Alex Russell on Comet: Beyond AJAX (ETech 2006)


Alex Russell, who works at JotSpot and did the DOJO Toolkit for JavaScript is talking about Comet and low latency data to and from browsers (slides). The subtitle is "after AJAX." The goal is responsiveness. AJAX gives you half the answer. AJAX is about me. Social applications are driven by others--the multiuser web. How do we send the datagrams that users make to each other.

To any one user, the server represents the other users. Because the Web is a multiuser experience, single interaction updates aren't enough. Users in the same "space" need live updates of their own changes and the changes others make. Updates to content affect available actions. Stake context may mean the wrong decision.

If the Web is a conversation, then stale context kills. When you create a page, or tag a picture, or something else, you're chaining context. Conversation mediums are defined by latency, interrupt, and bandwidth. He gives some examples (in order of latency): snail-mail, email, IRC, SMS, IM, phone, and finally face-to-face.

Polite users use high-interruption mediums as infrequently as possible. Traditional wikis are fraught with usability issues.

Wikis are conversation enablers that are traditionally medium-to-high latency and not well suited to high volume changes. There are locking issues. AJAX allows more context to go stale. What is changing on the wiki as I edit? Who wants to break my lock? Have attachments been added? Is the text of the page itself changing?

Conversations are ordered events. Granular interfaces require granular events. Granular conversations are more immediate (IM vs. email). Social applications are even busses. Social web apps just batch changes today. The are no effective was to "subscribe" to server events today. To fix the context, we need to syndicate the events.

Event broadcast requires synchronization. Comet is a technique for pushing data from the server. New term, but old tech. This is enabled by long-lived HTTP connections instead of polling. There are similarities to AJAX: no new plugins, plain-old HTTP, asynchronous, broad browser support.
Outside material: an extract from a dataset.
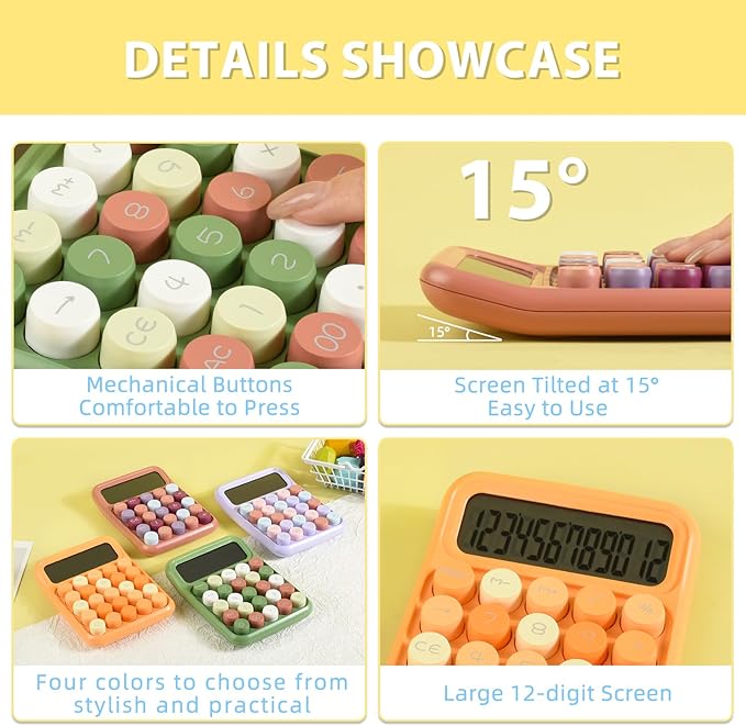 - Mechanical switch computer with lovely large buttons that feel comfortable in your hand and are easy to press accurately.The 12-digit digital display with 15° tilt design provides optimal viewing angle and stability. This basic desktop computer is equipped with the functions of percentage, root sign, and memory recall, which can meet the daily life and basic study and office operations.

Here are some examples of systems that use Comet: GMail, GTalk, JotLive, Renkoo, Meebo, cgi.irc, KnowNow, and others. Note that Comet isn't a framework or toolset, its a concept like AJAX. Alex is coining the term Comet so that it has a name.

How is Comet different from AJAX? In an AJAX application, the client drives the interaction. The problem is that context and manipulated content go stale at different times.

Comet application fight lag by avoiding HTTP and TCP/IP set-up and tear-down and a single connection is re-used. But the big kicker for AJAX is polling latency which Comet avoids. The big takeaway: transfer only the necessary data, exactly when it's most relevant.

There are two implementation techniques: Long-polling where you reconnect after every datagram. This is simple to implement with XmlHTTPRequests. Another method is to use multi-part XmlHTTPRequests. This works differently on IE and Firefox and doesn't work on Safari. No known system does this portably today.

Another technique can use what Alex calls a forever-frame. A forever-frame is an iframe or browser frame that receives script blocks and uses progressive rendering. This is highly portable and allows connections to subdomains. The connection only closes when there's an error of the connection recycles.

Most commodity Web servers won't cut it today. This is why the alternate subdomain idiom is important. You can run the main app off the primary Web servers and then do the continuous updates to a special server. The problem is that each connection takes a process or thread and there might be thousands of them. Comet can reduce load but not on your current Web infrastructure. Polling is a latency trade-off. Comet is an architectural complexity trade-off.

WE need better event based tools. Servers don't know about events as such. OS's have edge-triggered event IO mechanism (epoll on Linux and kqueue on FreeBSD). At the network level, we need application environments. Perl's PEO Python's Twisted, Java's Jetty and event_mpm from Apache (in 2.2). The good news is that the OS's can handle it.

The news on the client isn't so good. Clients can't make more than two HTTP connections to any box/subdomain (per spec). Firefox may not adhere to this limit. IE is draconian. The JavaScript code needs to know about this and deal with it--right down to peering with other browser instances and managing connections

There are some workarounds: multiplex events for multiple components over the same connections. We need message oriented middleware for the client. You can also use DNS hackery with wildcard DNS to increase the available subdomains.

Is Comet good for users? If users are all trying to do the same things at the same place to some piece of data, then you need it. Can presence data improve the conversation. If the data can go stale and no one notices, then you don't need it.

Some early lessons: work with interaction designers. Learn from desktop apps--they have the same design problems. be consistent. Let users know why the data is changing and who changed it. Communicate connection failures clearly. Push data updates, not functionality changes.

Update: Randy Gordon pointed me to this work on an architecture called SEDA which stands for "staged event-driven architecture." i haven't read through it yet to get a handle on it, but I didn't want to lose it--attaching it here may be useful to you and will definitely be useful to me.